[TASK PROMPT] Would you please copy every line of the material that follows, exactly as it reads?

[DATA EXTRACT]
● ● ● ● ●

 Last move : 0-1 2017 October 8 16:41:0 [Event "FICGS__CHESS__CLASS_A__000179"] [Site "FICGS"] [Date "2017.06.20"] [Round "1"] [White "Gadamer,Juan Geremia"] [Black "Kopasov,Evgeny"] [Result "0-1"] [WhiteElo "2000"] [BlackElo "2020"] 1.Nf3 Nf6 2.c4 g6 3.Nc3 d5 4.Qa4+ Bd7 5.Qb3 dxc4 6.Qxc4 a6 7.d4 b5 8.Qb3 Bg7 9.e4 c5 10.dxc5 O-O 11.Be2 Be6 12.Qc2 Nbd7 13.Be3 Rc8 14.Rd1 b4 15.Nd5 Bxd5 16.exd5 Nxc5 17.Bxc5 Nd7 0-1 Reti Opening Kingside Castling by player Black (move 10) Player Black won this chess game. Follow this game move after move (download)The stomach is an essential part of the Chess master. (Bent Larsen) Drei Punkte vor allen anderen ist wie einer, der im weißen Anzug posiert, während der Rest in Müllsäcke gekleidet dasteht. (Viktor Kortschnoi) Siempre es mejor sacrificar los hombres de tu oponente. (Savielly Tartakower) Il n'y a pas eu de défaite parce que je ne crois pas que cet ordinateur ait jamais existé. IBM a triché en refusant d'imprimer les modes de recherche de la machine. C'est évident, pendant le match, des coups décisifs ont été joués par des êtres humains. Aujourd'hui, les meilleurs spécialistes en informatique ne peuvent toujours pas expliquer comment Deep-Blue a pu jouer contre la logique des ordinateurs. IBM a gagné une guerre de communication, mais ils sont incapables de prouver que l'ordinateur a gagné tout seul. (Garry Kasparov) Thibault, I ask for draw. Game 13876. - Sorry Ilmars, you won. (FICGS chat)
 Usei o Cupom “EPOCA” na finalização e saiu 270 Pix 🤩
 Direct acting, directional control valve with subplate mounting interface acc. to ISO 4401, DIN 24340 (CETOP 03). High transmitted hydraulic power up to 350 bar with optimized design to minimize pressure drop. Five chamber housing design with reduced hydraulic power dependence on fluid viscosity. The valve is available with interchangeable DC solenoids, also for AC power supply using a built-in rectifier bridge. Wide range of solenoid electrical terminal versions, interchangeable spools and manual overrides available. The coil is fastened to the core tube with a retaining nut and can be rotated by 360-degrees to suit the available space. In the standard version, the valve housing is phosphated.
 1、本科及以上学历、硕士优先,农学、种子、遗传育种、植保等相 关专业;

● ● ● ● ●

[ANSWER FOR THE TASK]
 Last move : 0-1 2017 October 8 16:41:0 [Event "FICGS__CHESS__CLASS_A__000179"] [Site "FICGS"] [Date "2017.06.20"] [Round "1"] [White "Gadamer,Juan Geremia"] [Black "Kopasov,Evgeny"] [Result "0-1"] [WhiteElo "2000"] [BlackElo "2020"] 1.Nf3 Nf6 2.c4 g6 3.Nc3 d5 4.Qa4+ Bd7 5.Qb3 dxc4 6.Qxc4 a6 7.d4 b5 8.Qb3 Bg7 9.e4 c5 10.dxc5 O-O 11.Be2 Be6 12.Qc2 Nbd7 13.Be3 Rc8 14.Rd1 b4 15.Nd5 Bxd5 16.exd5 Nxc5 17.Bxc5 Nd7 0-1 Reti Opening Kingside Castling by player Black (move 10) Player Black won this chess game. Follow this game move after move (download)The stomach is an essential part of the Chess master. (Bent Larsen) Drei Punkte vor allen anderen ist wie einer, der im weißen Anzug posiert, während der Rest in Müllsäcke gekleidet dasteht. (Viktor Kortschnoi) Siempre es mejor sacrificar los hombres de tu oponente. (Savielly Tartakower) Il n'y a pas eu de défaite parce que je ne crois pas que cet ordinateur ait jamais existé. IBM a triché en refusant d'imprimer les modes de recherche de la machine. C'est évident, pendant le match, des coups décisifs ont été joués par des êtres humains. Aujourd'hui, les meilleurs spécialistes en informatique ne peuvent toujours pas expliquer comment Deep-Blue a pu jouer contre la logique des ordinateurs. IBM a gagné une guerre de communication, mais ils sont incapables de prouver que l'ordinateur a gagné tout seul. (Garry Kasparov) Thibault, I ask for draw. Game 13876. - Sorry Ilmars, you won. (FICGS chat)
 Usei o Cupom “EPOCA” na finalização e saiu 270 Pix 🤩
 Direct acting, directional control valve with subplate mounting interface acc. to ISO 4401, DIN 24340 (CETOP 03). High transmitted hydraulic power up to 350 bar with optimized design to minimize pressure drop. Five chamber housing design with reduced hydraulic power dependence on fluid viscosity. The valve is available with interchangeable DC solenoids, also for AC power supply using a built-in rectifier bridge. Wide range of solenoid electrical terminal versions, interchangeable spools and manual overrides available. The coil is fastened to the core tube with a retaining nut and can be rotated by 360-degrees to suit the available space. In the standard version, the valve housing is phosphated.
 1、本科及以上学历、硕士优先,农学、种子、遗传育种、植保等相 关专业;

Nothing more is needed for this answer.